Don’t you love it when you re-encounter a book you’d completely forgotten about? I found Well Wished at the book fair, and as soon as I opened it I felt like I had been flashed straight back to second grade. I read Well Wished for the first time in the library of my elementary school, one afternoon when I was stuck there for what felt like forever. I don’t remember why I felt stuck – I like the library – or why I was there at all after school hours, but I remember this book. Well Wished is about a girl called Nuria who is the only child in her village of Bishop Mayne. There is a wishing well in that town, and it always, always tries to get people to make wishes that will go completely wrong. Some time ago, someone made a wish that caused all the children of Bishop Mayne to leave town forever; and Nuria’s guardian, the Avy, has just made a wish to bring them back.

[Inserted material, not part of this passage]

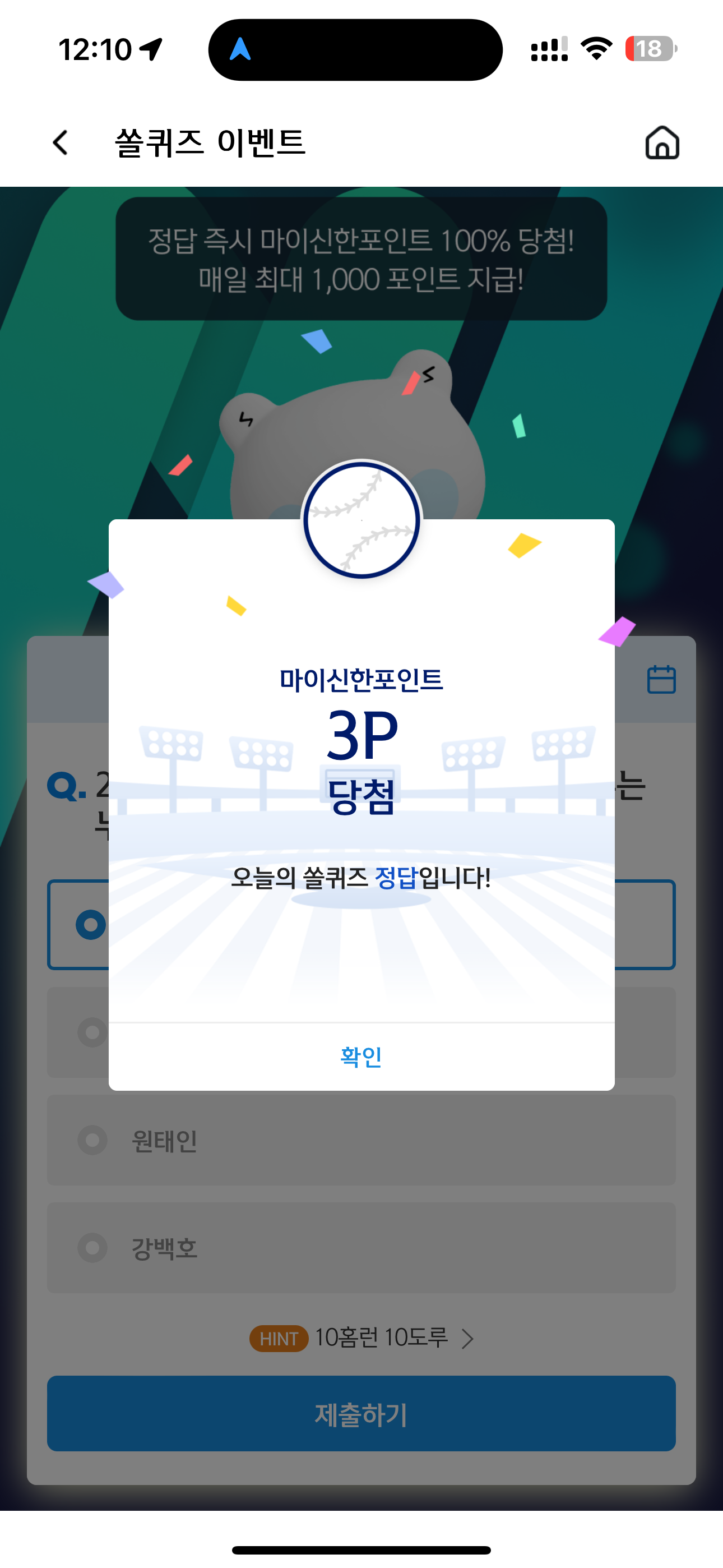 신한 슈퍼SOL 야구/상식 쏠퀴즈 정답은 김도영 입니다

But the only child who comes back is Catty, who is confined to a wheelchair ever since becoming very ill, around the same time that the children all left Bishop Mayne. Nuria is thrilled to have a friend, if a little cranky about sharing all the things she considers to be hers. Soon she discovers that Catty wants her to make a wish so that Catty won’t have to use a wheelchair anymore. As you can imagine, this doesn’t work out as well as they are hoping.
Actually, this book isn’t that wonderful, now that I’m a grown-up. It’s that sort of fairly obvious be-careful-what-you-wish-for type of book that you don’t need to read more than once, even if you are a kid. And ordinarily I’d just post it on Paperbackswap, except that it’s actually from my elementary school library, all stamped and with the cards that I remember, and I feel too nostalgic for second grade to give it up. I’ll probably cling to it for another few years, run out of bookshelf space, and end up listing it on Paperbackswap anyway – but for now, it’s staying with me.